= Total permanent disability insurance =

Law and insurance industry phrase

Total Permanent Disability (TPD) is a phrase used in the insurance industry and in law. Generally speaking, it means that because of a sickness or injury, a person is unable to work in their own or any occupation for which they are suited by training, education, or experience. An individual or group of individuals can insure themselves against it through a disability insurance policy, as part of a life insurance package or through worker's compensation insurance.

==Definitions of permanent disability==
Ballentine's Law Dictionary defines a permanent disability is one that "will remain with a person throughout" their lifetime, or he or she will not recover, or "that in all possibility, will continue indefinitely."

Insurance companies often have slightly different definitions of what determines permanent disability. However typical definitions would include:
- Loss of two of: Eyes, Arms, or Legs.
- Absence from work for six months due to an accident or illness, without expectation of returning to work.

===United States===

Under no-fault insurance law, New York defines significant injury as including a permanent loss of use.

===Australia===
Total and Permanent Disablement Insurance is designed to provide a lump sum benefit to the life insured in the event of a medically diagnosed event that renders the claimant unable to work again. TPD Insurance is generally used to cover debts and the ongoing living expenses of an individual to reduce the ongoing financial burden of loss of income.

There are three main types and definitions of TPD Insurance:
- Own Occupation TPD - the claimant must be unable to work in their own occupation ever again.
- Any Occupation TPD - the claimant must be unable to work in their occupation and also any occupation that they are suited to via education, training or experience ever again.
- Non-Occupational TPD - the claimant must be unable to conduct 2 of 5 activities of daily living.

The Own Occupation definition is generally considered to provide the greatest level of protection, with the Non-Occupational TPD requiring the greatest level of disablement before a claim will be considered.

TPD Insurance in Australia can be owned and paid for from superannuation accounts. When TPD Insurance is held in Superannuation, the 'Any Occupation' definition is normally offered as the level of disablement required by Superannuation Law is based on 'Any Occupation.'

TPD Insurance when taken for personal protection is generally not tax deductible and claim payments are not taxable. When TPD Insurance is held in superannuation however a claimant who withdraws the proceeds of their account superannuation account balance, to which a TPD benefit is usually credited to, is taxed.

The maximum level of cover normally available with one insurer in Australia is generally $3 – $5 million with the oldest entry ages varying between 55 - 62.

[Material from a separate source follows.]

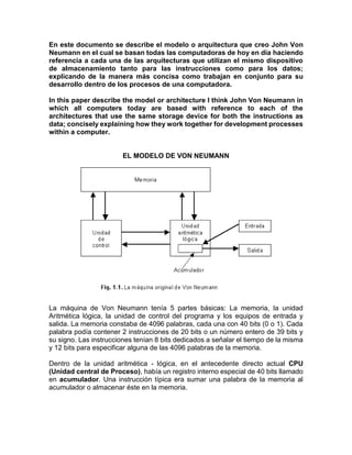 El documento describe el modelo de arquitectura de computadora propuesto por John von Neumann, el cual se basa en usar el mismo dispositivo de almacenamiento tanto para instrucciones como datos. Explica que la máquina de von Neumann tenía cinco partes principales: memoria, unidad aritmética lógica, unidad de control de programa y equipos de entrada y salida. Asimismo, describe que una computadora moderna está formada por tres unidades funcionales principales: la unidad central de proceso, la memoria principal y la unidad de entrada y salida.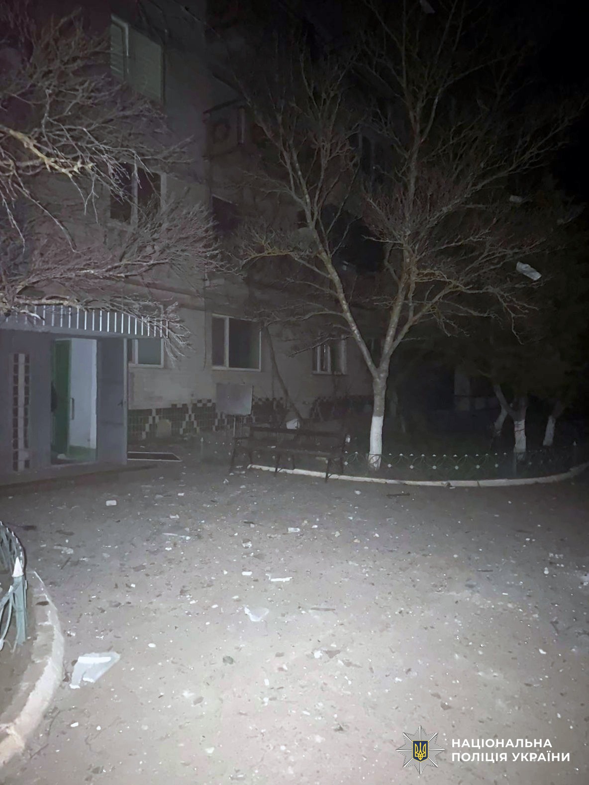 Кількома ударними безпілотниками росіяни атакували Дар’ївку. Двічі били по багатоквартирному будинку, який пошкоджено.

==== Risk Assessment of TPD Insurance in Australia ====
TPD Insurance is normally underwritten on application and factors such as medical history, family history, past times and unusual occupational risk factors can result in a policy being offered on with exclusions or an increased premium. For higher sums insured, additional medical verification including blood tests and reports from doctors is usually required.

==== Claiming Total and Permanent Disability insurance in Australia ====

Having a claim for Total and Permanent Disability insurance approved can be a cumbersome process for the insured. In Australia, the vast majority of TPD insurance policies are provide by superannuation funds. These funds offer products that are typically more basic than what can be found in the Retail Insurance space. Generally, TPD provided by super funds will require that you have been off work for a period of at least 6 months before they will consider a claim. After this period of time has been met, the claimant will need to provide evidence that two of their treating medical practitioners have certified that the claimant will be unable to ever return to work in any occupation for which they are suited by way of education, training and experience. The process of determining this involves a number of aspects with many claimants seeking professional advice by way of Financial Advisors and Lawyers.

===The Netherlands===
This insurance is mainly purchased by self-employed professionals, it is also called 'one person company'. This insurance would cover maximum 80% of the income after the accident. In Dutch, the total permanent disability insurance is called Arbeidsongeschiktheidsverzekering.

==Distinctions==
TPD differs from income protection insurance in that:
- TPD pays out a lump sum of a policy-specified amount, whilst income protection insurance is designed to replace income and pays out a specified percentage of pre-disability income (e.g. 75%) on a regular basis (e.g. monthly)
- the insured person must be totally disabled on a permanent basis for the insurer to pay out, rather than just totally or partially unable to work.